Jimmy Guerrero for Voxel51

Posted on May 10 • Updated on May 22 • Originally published at voxel51.com

Voxel51 Filtered Views Newsletter - May 10, 2024

#computervision #machinelearning #ai #datascience

Author: Harpreet Sahota (Hacker in Residence at Voxel51)

Welcome to Voxel51’s bi-weekly digest of the latest trending AI, machine learning and computer vision news, events and resources! Subscribe to the email version.

📰 The Industry Pulse

🎥 Will AI Kill the Video Star?

The release of the music video for The Hardest Part by Washed Out marks the first time that OpenAI’s Sora was commissioned for an AI-generated music video.

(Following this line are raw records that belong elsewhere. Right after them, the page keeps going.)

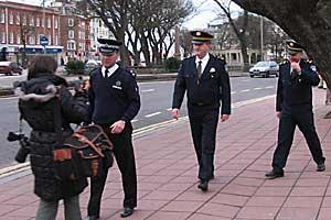 Croatian Police Officers Silvio Bratkovic (right) and Marjan Zuvljevic (middle) on patrol with OSCE Community Policing Adviser Paul Richardson (left) in Brighton City, England.
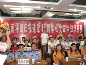 2006年6月12日下午,為慶祝中國(guó)共產(chǎn)黨建黨85周年,重慶市南岸區(qū)南坪鎮(zhèn)黨委開(kāi)展了《黨章》知識(shí)競(jìng)賽。我公司黨委選派周隼、趙偉、劉伶伶三位同志參加了比賽,經(jīng)過(guò)激烈的必答題、搶答題和風(fēng)險(xiǎn)題3輪競(jìng)爭(zhēng),最后取得了二等獎(jiǎng)。
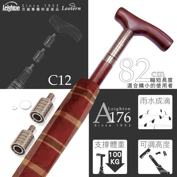 【萊登傘】雨傘 縮短版 調高健行傘 輔助 格紋布 長輩禮物 橘紅褐格
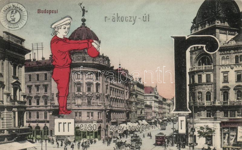 Leírás: Budapest VII. Rákóczi út, gyógyszertár, zálogház, analfabéta teszt
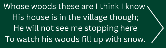 "Two roads diverged in a yellow wood, And sorry I could not travel both And be one traveler, long I stood And looked down one as far as I could..."
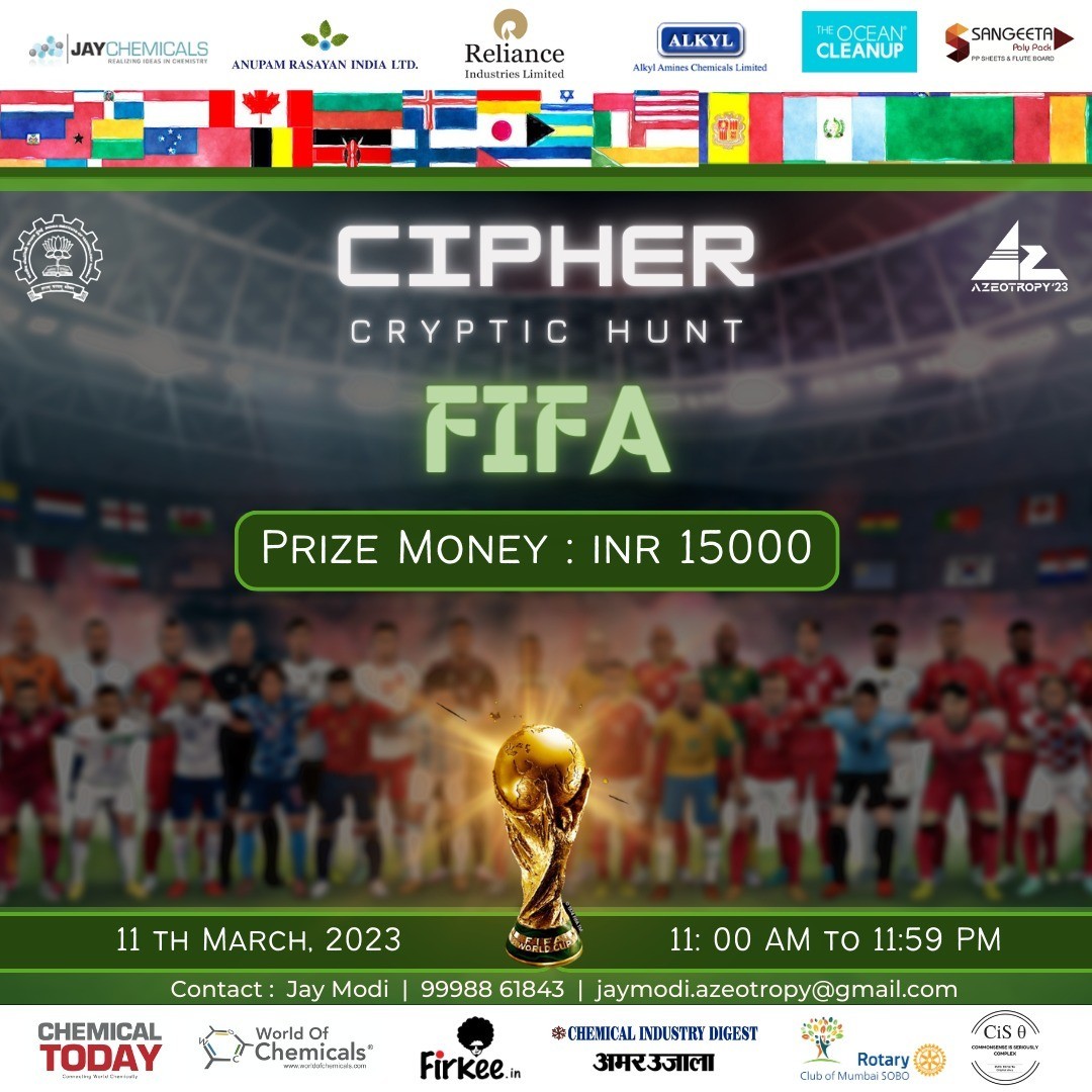 Cipher is a theme-based cryptic hunt organized by AZeotropy, IIT Bombay. This year's theme is the FIFA World Cup, and we have some exciting clues for you.
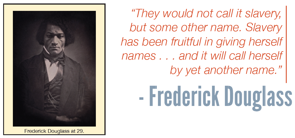 Frederick Douglass, a former slave and leader of the abolitionist movement, wrote - “They would not call it slavery, but some other name. Slavery has been fruitful in giving herself names … and it will call itself by yet another name.” 6
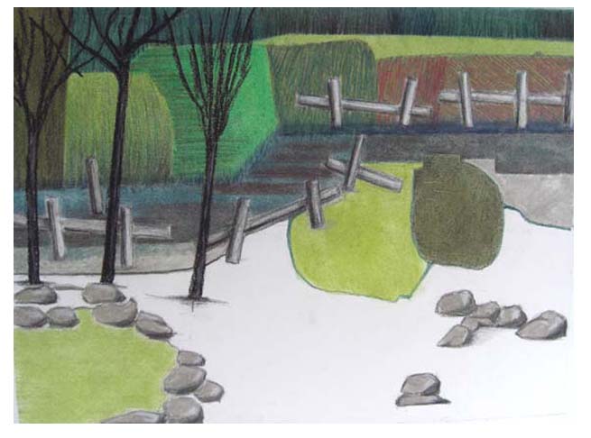 ..nach einer Zeichnung in meinem Skizzenbuch. Hier habe ich dann versucht das Motiv im Stil des etwas vergessenen Künstlers Bernard Buffet darzustellen. Urteil: misslungen!
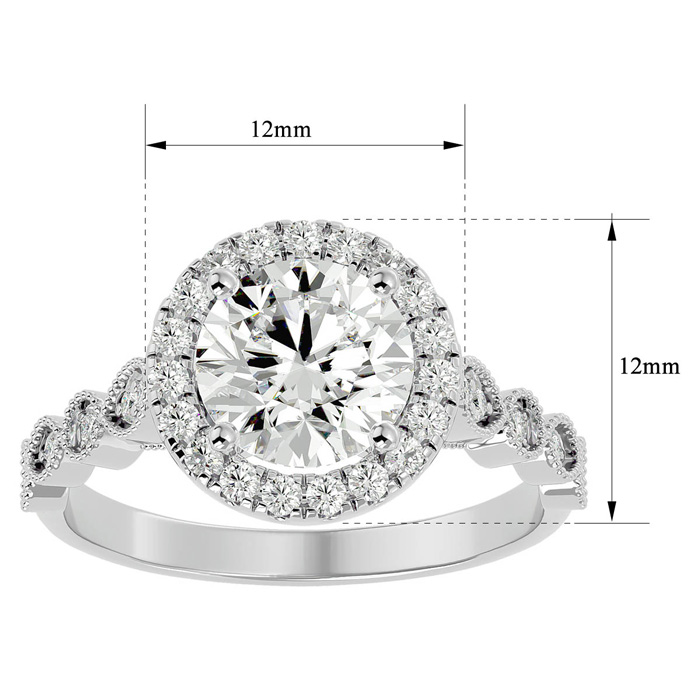 2 1/2 Carat Halo Diamond Engagement Ring In 14 Karat White Gold
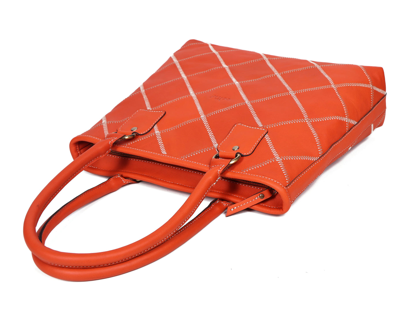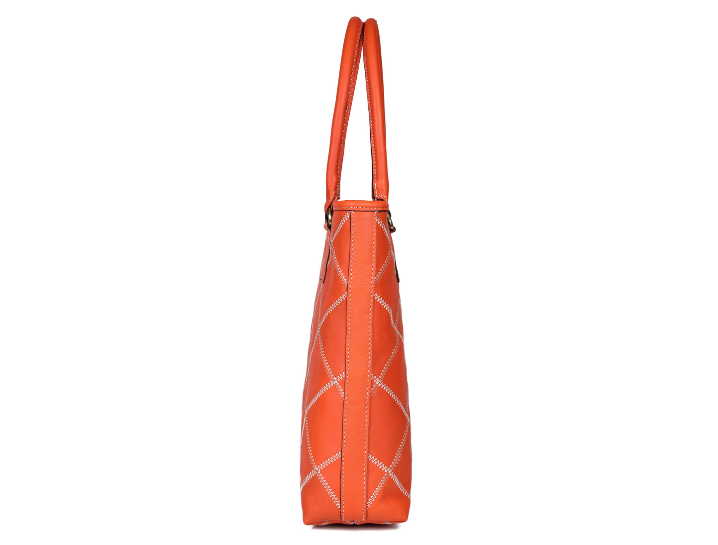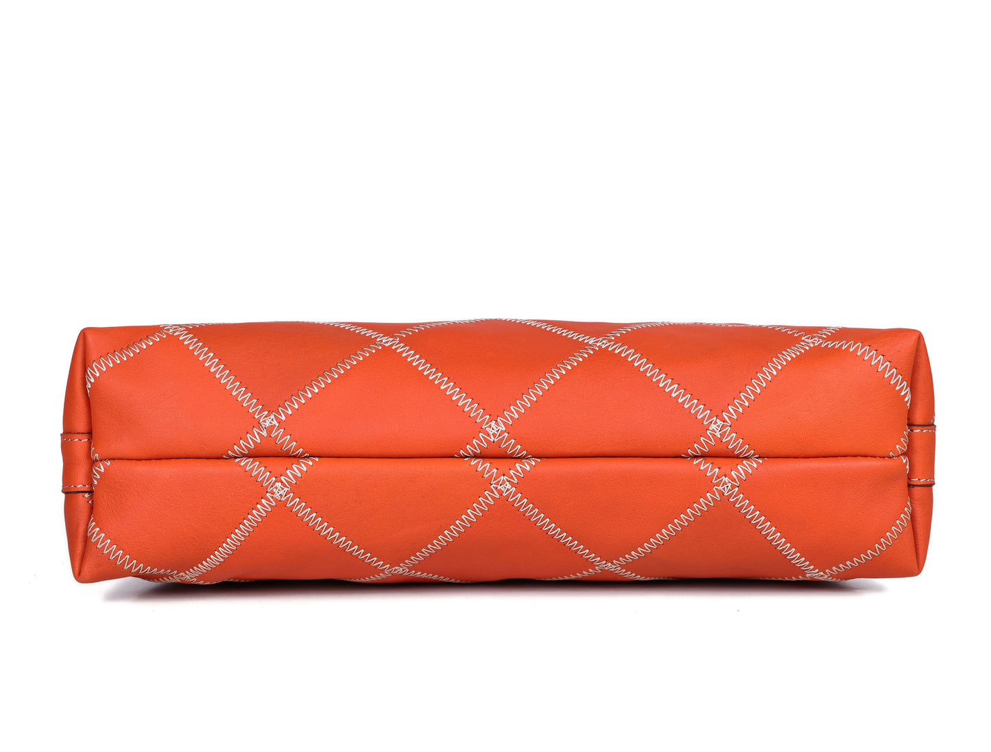 Vibrant Elegance: The tote bag boasts a striking orange hue, adding a touch of vibrancy to your style.
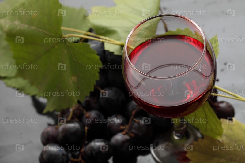 Натюрморт с бокалом красного вина, виноград на черном фоне
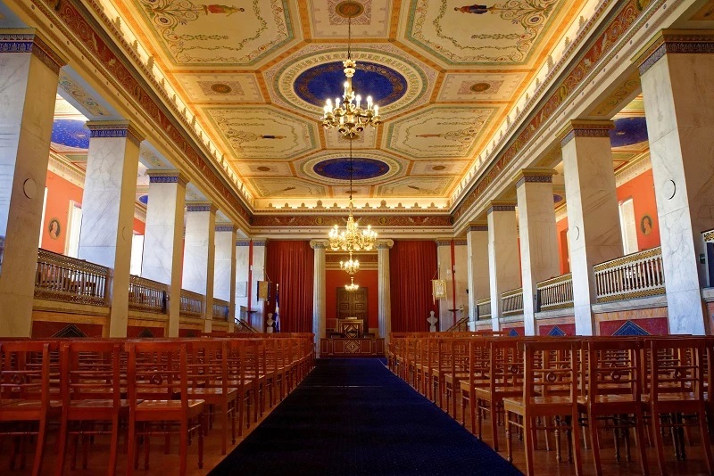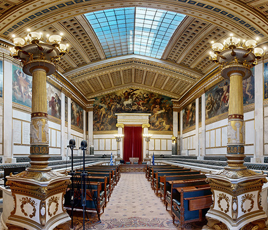 The Great Hall of the National and Kapodistrian University of Athens, that is the first Greek Institution of Higher Education, is located in the “Main Building” of the University, one of the oldest neo-classical buildings of the city of Athens. The “Main Builiding” together with the Academy of Athens and the National Library compose the so called “Neo-classical Trilogy”. It was built under the supervision of the German engineer Edward Schaubert, following the plan created by the Danish architect Christian Hansen.
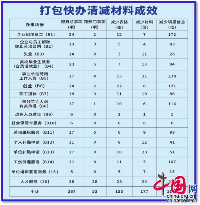充分发挥“大集中”系统优势,以“大人社”思维梳理服务事项,通过数据共享、业务协同等方式,推进跨业务、跨部门事项简化办理。依托在“免申即办”“八步变一步”等方面的创新探索,南宁市深入推进“人社服务快办行动”,按照“一包受理,可大可小;一站接收,可窗可网;一套材料,可拆可合;一线评价,可好可差”的打包思路,在全国率先或创新上线“高校毕业生就业”“劳动维权”等16个“打包一件事”,推动20多个部门50多个事项跨部门“打包办”,提供“打包办”“提速办”服务80万人次,工作效率领跑全国。2021年7月,南宁市对人才服务“打包一件事”进一步优化升级,梳理整合全市39个单位72个人才服务事项,上线全国首个多部门、多渠道、多功能集成的“智慧人才”一体化服务平台,实现人才政策“一站宣传”、人才资讯“一窗浏览”、人才待遇“一键测评”,人才服务“一网通办”、人才招聘“一体服务”。

And its release has sparked a lively debate online. While many Redditors are captivated by its dreamlike visuals, describing it as "like dreaming while being conscious," others criticize technical shortcomings and a lack of narrative cohesion. Some comments highlight the impressive advancement in AI, with one user stating, "This technology is leaps and bounds better than anything that's ever existed in the last 10 years." However, others express disappointment, feeling the video doesn't live up to the initial hype. Despite the mixed reactions, there's a general sense of awe and curiosity surrounding SORA's potential, with discussions touching on AI consciousness and the future of creative expression.

As one user aptly says, "AI is dreaming, and we're peeking into its dreams."

👻gpt2-chatbot: The AI That Appeared and Disappeared, Leaving Us in Awe

A mysterious new AI chatbot named "gpt2-chatbot" recently appeared on the LMSYS Chatbot Arena, a website that compares various AI systems. The chatbot's origin is unknown, but its impressive capabilities have sparked intense speculation among AI experts.

Some researchers believe that gpt2-chatbot represents a significant leap over existing AI models, possibly matching or even exceeding the abilities of GPT-4, currently the most advanced system from OpenAI. In tests, the gpt2-chatbot solved complex math problems and performed better than GPT-4 on specific reasoning tasks.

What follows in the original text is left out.